----- SUPPLIED DATA -----
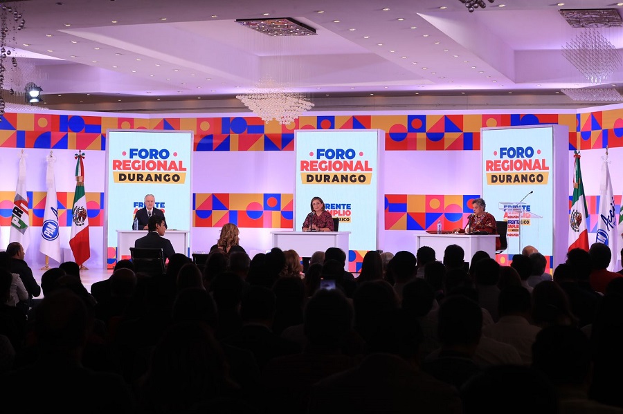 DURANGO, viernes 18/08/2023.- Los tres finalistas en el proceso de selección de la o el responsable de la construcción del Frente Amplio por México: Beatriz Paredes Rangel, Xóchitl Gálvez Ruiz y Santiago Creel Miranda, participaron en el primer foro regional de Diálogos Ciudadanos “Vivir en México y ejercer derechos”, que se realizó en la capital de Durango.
-----
----- SUPPLIED DATA -----
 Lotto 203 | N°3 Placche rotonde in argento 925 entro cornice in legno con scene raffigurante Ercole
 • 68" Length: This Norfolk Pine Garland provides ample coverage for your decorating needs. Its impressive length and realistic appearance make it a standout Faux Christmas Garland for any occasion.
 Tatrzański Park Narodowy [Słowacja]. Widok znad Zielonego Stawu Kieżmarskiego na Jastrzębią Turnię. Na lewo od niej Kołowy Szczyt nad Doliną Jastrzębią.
-----
----- SUPPLIED DATA -----
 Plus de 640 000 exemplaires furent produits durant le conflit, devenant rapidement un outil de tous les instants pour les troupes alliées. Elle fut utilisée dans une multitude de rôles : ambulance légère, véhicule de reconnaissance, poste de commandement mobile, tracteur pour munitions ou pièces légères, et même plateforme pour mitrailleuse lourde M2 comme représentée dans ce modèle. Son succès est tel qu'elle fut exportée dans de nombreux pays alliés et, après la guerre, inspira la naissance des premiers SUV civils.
-----
*WHAT THE EXERCISE ASKS*.
What is needed is a verbatim copy of every line in the records above from the one containing "Lotto 203 |" down to the one containing "Tatrzański Park Narodowy", both included, and nothing more.

*SOLUTION FOR THIS PROBLEM*.
 Lotto 203 | N°3 Placche rotonde in argento 925 entro cornice in legno con scene raffigurante Ercole
 • 68" Length: This Norfolk Pine Garland provides ample coverage for your decorating needs. Its impressive length and realistic appearance make it a standout Faux Christmas Garland for any occasion.
 Tatrzański Park Narodowy [Słowacja]. Widok znad Zielonego Stawu Kieżmarskiego na Jastrzębią Turnię. Na lewo od niej Kołowy Szczyt nad Doliną Jastrzębią.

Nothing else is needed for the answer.